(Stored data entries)
-- Opening Marker --
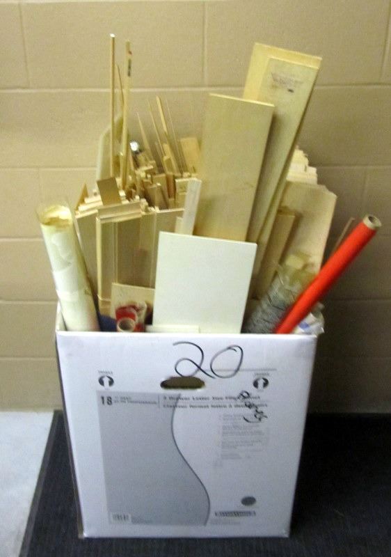 LARGE BOX OF ASSORTED WOOD PLANE-BUILDING MATERIALS.
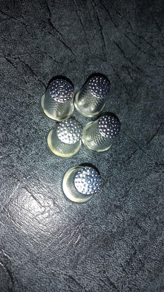 Thimbles are put on the middle finger of the right hand... And these little ones are only put on the little finger
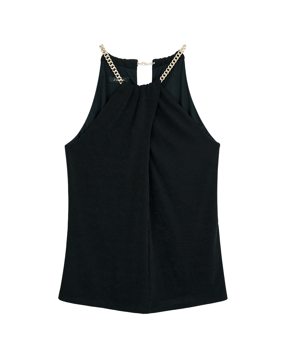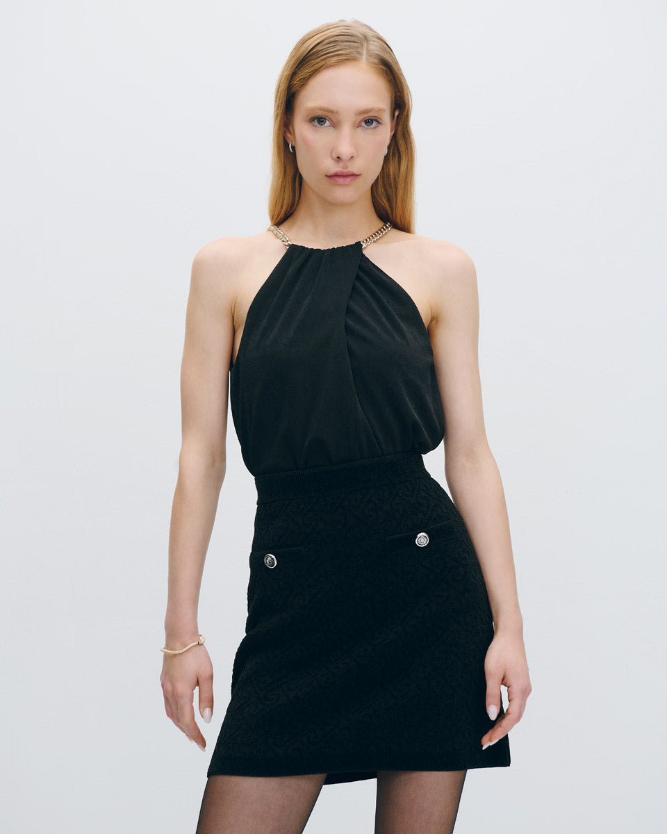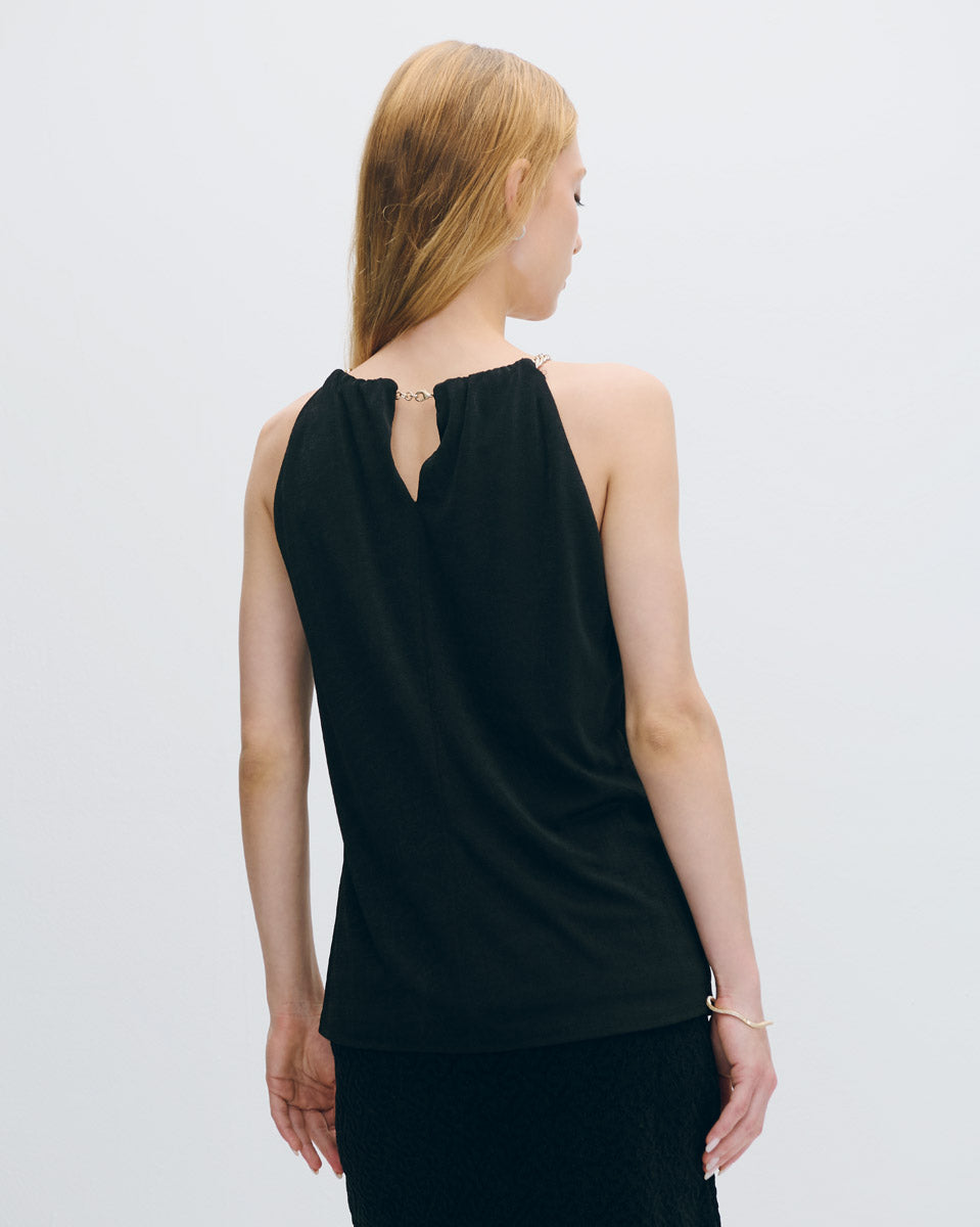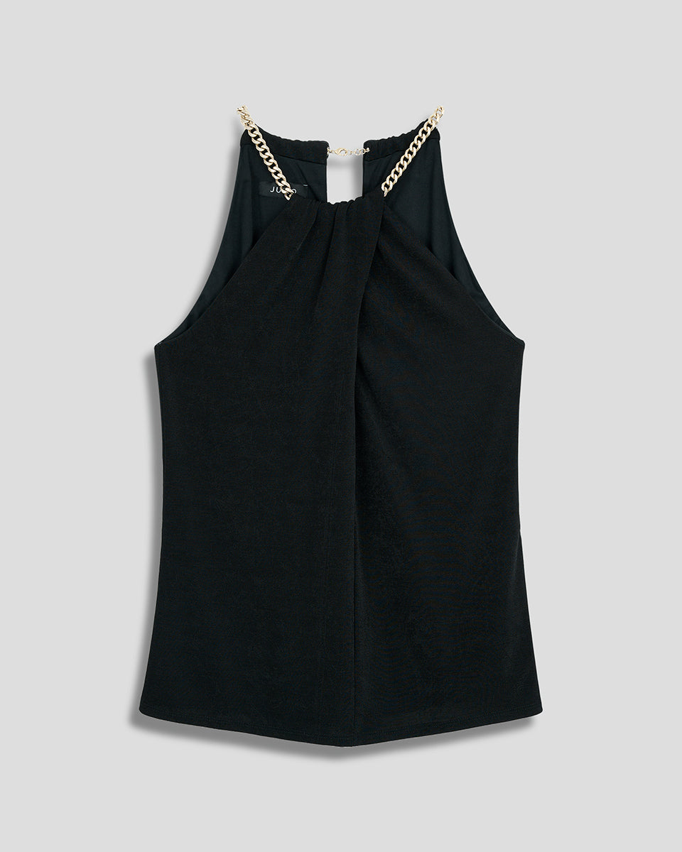 Blusa Negra De Punto Satinado Halter Con Cadena
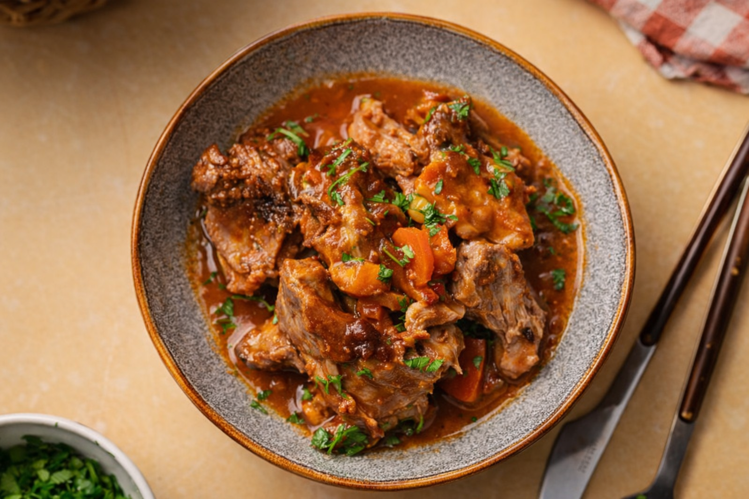 Coloque o cabrito sobre as batatas e regue com a marinada.
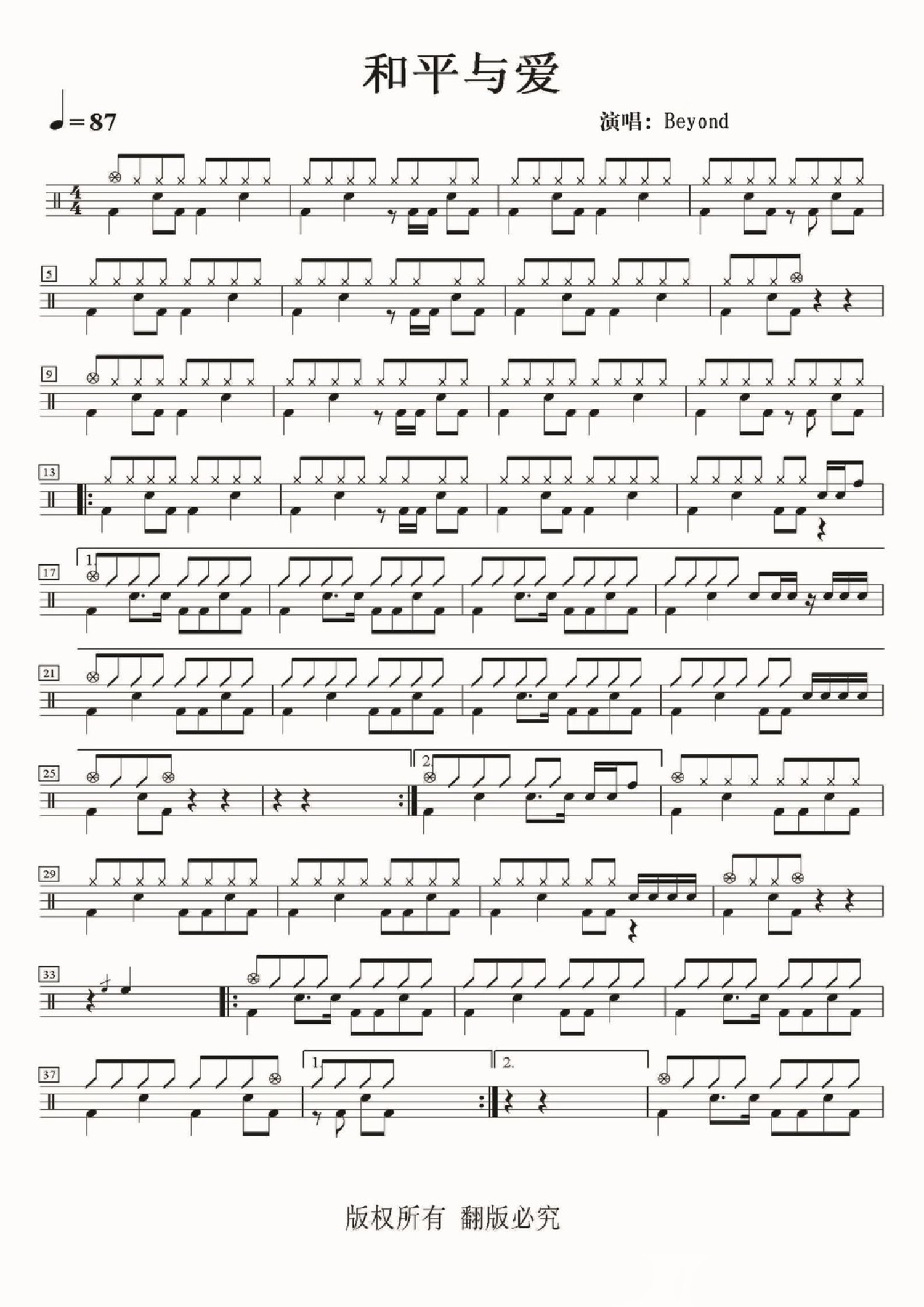 • 和平与爱鼓谱 - Beyond - 架子鼓谱第1张
-- Closing Marker --
Please reproduce every record exactly as written, excluding the pictures.

 LARGE BOX OF ASSORTED WOOD PLANE-BUILDING MATERIALS.
 Thimbles are put on the middle finger of the right hand... And these little ones are only put on the little finger
 Blusa Negra De Punto Satinado Halter Con Cadena
 Coloque o cabrito sobre as batatas e regue com a marinada.
 • 和平与爱鼓谱 - Beyond - 架子鼓谱第1张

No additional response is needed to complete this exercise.